Depending on your usage, you can either be using the SI system or the colloquial numerical abbreviation system.
| Number | SI suffix | Colloquial suffix (short count) | Colloquial suffix (long count) |
|---|---|---|---|
| 47,200 | 47.2k | 47.2K | 47.2K |
| 47,200,000 | 47.2M | 47.2M | 47.2M |
| 47,200,000,000 | 47.2G | 47.2B | 47.2Md or 47,200M |
| 47.2 x 10^12 | 47.2T | 47.2T | 47.2B |
| 47.2 x 10^15 | 47.2P | 47.2Q/Qa | 47.2Bd or 47,200B |
| 47.2 x 10^18 | 47.2E | 47.2Qt/Qi | 47.2T |
| 47.2 x 10^21 | 47.2Z | 47.2Sx | 47.2Td or 47,200T |
| 47.2 x 10^24 | 47.2Y | 47.2Sp | 47.2Q/Qa |
How often we forget that hexadecimal is a thing.
How often we forget that base64 is a thing, but also, the Maya and Aztec used base 20, the Babylonians used base 60, and there is an example of a tribe in Papua New Guinea that uses base 27.
In binary data encoding schemes like base32, base64, or ASCII85, the character representing zero is A, not 0. The character 0 actually maps to a place value of 52.
Sometimes digits are separated by colons instead.

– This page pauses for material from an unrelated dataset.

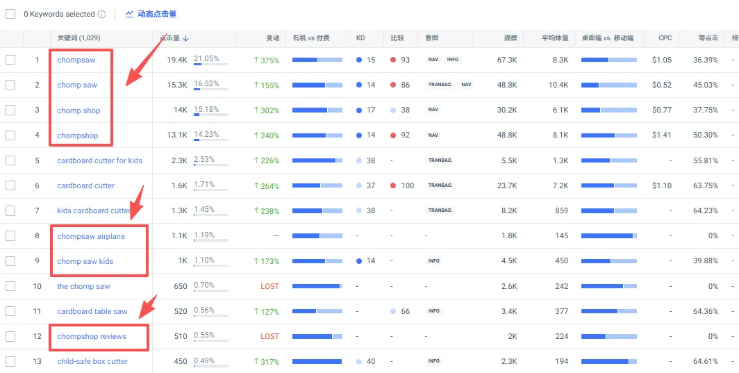 另外通过关键词端查看会发现,Chomp品牌的产品与该品牌的产品存在类比性,互为替代。
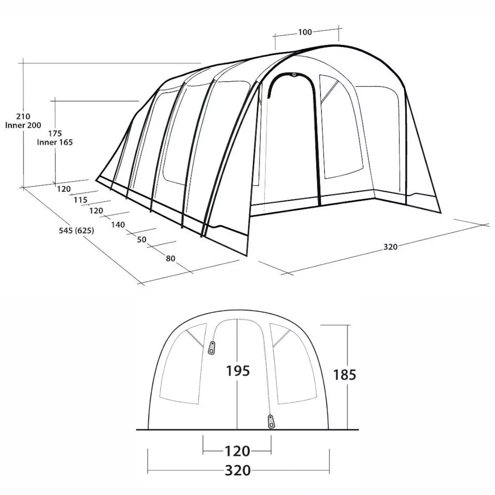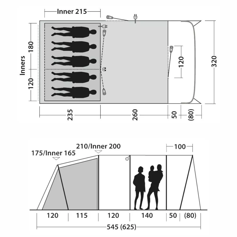 Die vertikale Vorderwand bietet dank Überdachung einen regengeschützten Eingang mit aufrollbarem Seitenschutz. Mit einer angenehmen Innenraumhöhe von 200 cm liefert die clevere Tunnelkonstruktion viel Platz im Zelt. Der über 8 Quadratmeter grosse Wohnraum eröffnet zahlreiche Wohn- und Staumöglichkeiten.

Base 256 (a sequence of bytes) is often expressed with groups of two hexadecimal digits, like in RSA fingerprints (10:e4:7c:92:fd:65:ed:d5:3e:54:65:b8:c7:a7:38:2e). Numbers in arbitrary bases above 36 tend to be written as colon-separated decimal numbers (e.g. 112:48:108:121:110:111:109:49:64:108:115:46:83:69 in base 200).
For example, the Eastern Arabic numberals (٠١٢٣٤٥٦٧٨٩) and Thai numerals (๐๑๒๓๔๕๖๗๘๙), among many more, including the Mayan and Babylonian numerals in different bases.
Not only do Roman numerals exist, but languages like Greek and Hebrew historically used a gematria to express numbers, in which certain letters stood for certain values but with no repeated symbols and way more variety in the range of values that could be taken.
For most of human history, we didn't have precise words or symbols for numbers - only words for vague quantities like "one" or "many".